Al fondo del pasillo se encuentran las gigantescas puertas dobles cubiertas de símbolos cuyo significado ha caído en el olvido; unos símbolos que, con el paso del tiempo, han quedado borrados en parte. El anciano espera, sosteniendo la lámpara, mientras el hijo tensa sus musculosos brazos y empuja a un lado la pesada barra metálica que mantiene cerradas las puertas del palacio.

La barra es una novedad, y el viejo rey frunce el entrecejo al observarla. Tal vez recuerda una época, antes de que Edmund naciera, en que no era necesaria tal barrera fija. Entonces, la magia bastaba para mantener cerradas las puertas. Sin embargo, con el paso de los años, hubo necesidad de emplear la magia en otras tareas más importantes, como la supervivencia.

El hijo empuja las puertas y, cuando éstas se abren, una ráfaga de aire helado apaga la lámpara. El frío es agudo, intenso, y penetra bajo las pieles que le sirven de abrigo recordando al anciano que, por frío que sea el palacio, sus paredes y su magia ofrecen cierta protección frente a la oscuridad del exterior, que hiela la sangre y entumece los huesos.

—¿Estás seguro de que podrás hacerlo, padre? —inquiere Edmund una vez más, preocupado.

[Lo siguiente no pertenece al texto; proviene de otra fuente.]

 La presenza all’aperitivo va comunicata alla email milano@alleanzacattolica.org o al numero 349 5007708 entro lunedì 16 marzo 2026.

—Sí —responde el monarca, aunque a mí me parece que, de haber estado solo, el anciano no lo habría intentado—. No te preocupes por mí. Si Baltazar se sale con la suya, no tardaremos mucho en estar todos ahí fuera.

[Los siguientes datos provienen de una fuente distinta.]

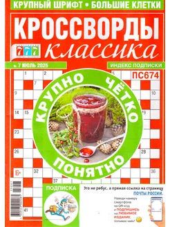 КРОССВОРДЫ КЛАССИКА №07 2025 классические кроссворды крупно

Sí, el viejo rey sabe que estoy cerca, que estoy escuchando. Siente celos de mi influencia sobre Edmund, pero lo único que puedo decirle al anciano es que él ya tuvo su oportunidad.

—Ya te he explicado antes que Baltazar ha encontrado una ruta que nos conduce hacia abajo por los túneles, padre. Cuanto más penetremos en el subsuelo del mundo, más cálido se volverá el aire.

—Supongo que habrá encontrado tal tontería en algún libro. De nada sirve iluminar este condenado lugar —añade el rey, refiriéndose a la lámpara—. No malgastes tu magia. Yo no necesito luz; son tantas las veces que he estado en esta columnata que podría recorrerla con los ojos cerrados.

Los oigo avanzar en la oscuridad. Casi puedo ver al rey rechazar el brazo que le ofrece Edmund (el príncipe es respetuoso y tierno con un padre que apenas lo merece) y cruzar el umbral de los grandes portalones con paso resuelto. Yo me quedo en el pasadizo e intento olvidarme del frío que me corta la cara y las manos y me entumece los pies.

—Los libros son mala cosa —comenta con acritud el monarca a su hijo, cuyas pisadas capto, avanzando junto a su anciano padre—. Baltazar pasa demasiado tiempo entre los libros.

Tal vez la cólera le siente bien al viejo, cálida y brillante como el fuego de la lámpara en su interior.